Alarion shook his head and focused back on the task at hand. The final step was the most delicate, the most likely to fail. Alarion wasn’t even sure it was possible, but the theory felt sound.

Like attracted like when it came to magical energy. All things being equal, a person’s mana wanted to stay within the person, mana from within a spell wished to remain with that spell, and so forth. Sympathetic ties bound magic tightly, which meant that in theory, any mana from the lock should try to rejoin its origin, if placed close enough.

He had gathered a bounty of the seal’s magic, and with a single touch he fed it back into the arcane lock.

Along with the key he had channeled inside of himself. A traitorous passenger.

The seal revolted against his solution. It sputtered and jolted as the key fell into place, nearly rejecting it as parts of the key began to evaporate into the ambient mana. But Alarion had packed his key densely, a redundancy that allowed it to last just long enough for the seal to register.

Click.

The first seal vanished in Alarion’s mana sense. When Alarion opened his eyes, he saw that the markings on the door had changed. The seal was broken.

“Mm!” Alarion pumped his fist in satisfaction.

He’d done it.

Sure, it had taken hours to do what a traditional mage could have done in seconds, but he could get better at it. More important was what that lock represented. At its simplest form, the lock was a bound field, and while he still couldn’t interact directly, the successful test had proven that he could trigger a bound field in a roundabout fashion, given enough time.

The implications were staggering. He’d never cast spells like a regular mage, but the inability to interact with most magical devices had been an enormous weakness. Who cared if he had to use the most counter-intuitive way to activate them, the fact that he could do so at all was a minor miracle.

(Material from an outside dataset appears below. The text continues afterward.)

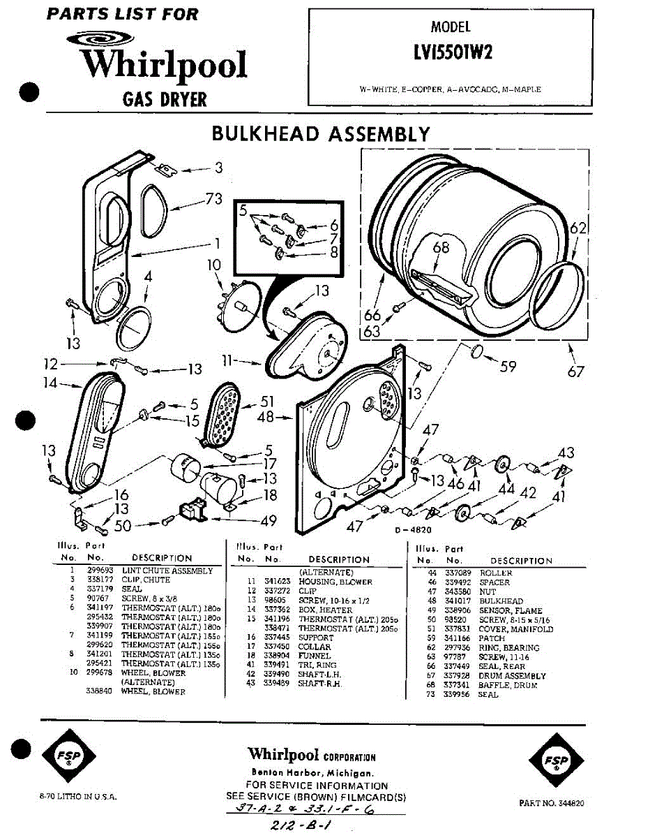 Parts for Whirlpool LVI5501W2: 01 - Section Parts

Alarion spent the rest of the day disabling the remaining locks. True to Valentina’s nature, each lock was more challenging than the last, but none threatened to rob Alarion of his victory. The hard part had been developing the skill, the remaining locks were mere training.

> Skill level increased. Unbound Spellcraft is now Level 5. INT +4. PER +4. WIL +4.

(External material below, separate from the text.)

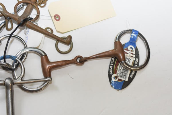 Lot of 5 5" bits including a copper Pelham, snaffle with a straight mouth (smooth on one side, rippled on the second side), fat mouth Pelham straight bar, copper roller and a New Shires foamer bit

The last lock opened with the same satisfying click as the first and Alarion felt his shoulders sag with exhaustion. His day had started early with a casting of [Valentina’s Energetic Embrace] and it was ending very, very late if the remaining thirty-four minutes on his cooldown were any indication.

He pushed open the door, expecting to see Valentina cooking up a storm for his victory. Instead, he was greeted with something entirely unexpected.

Sierra.

“Finally.” The young woman said after an indignant huff. “Alarion, it is time to go.”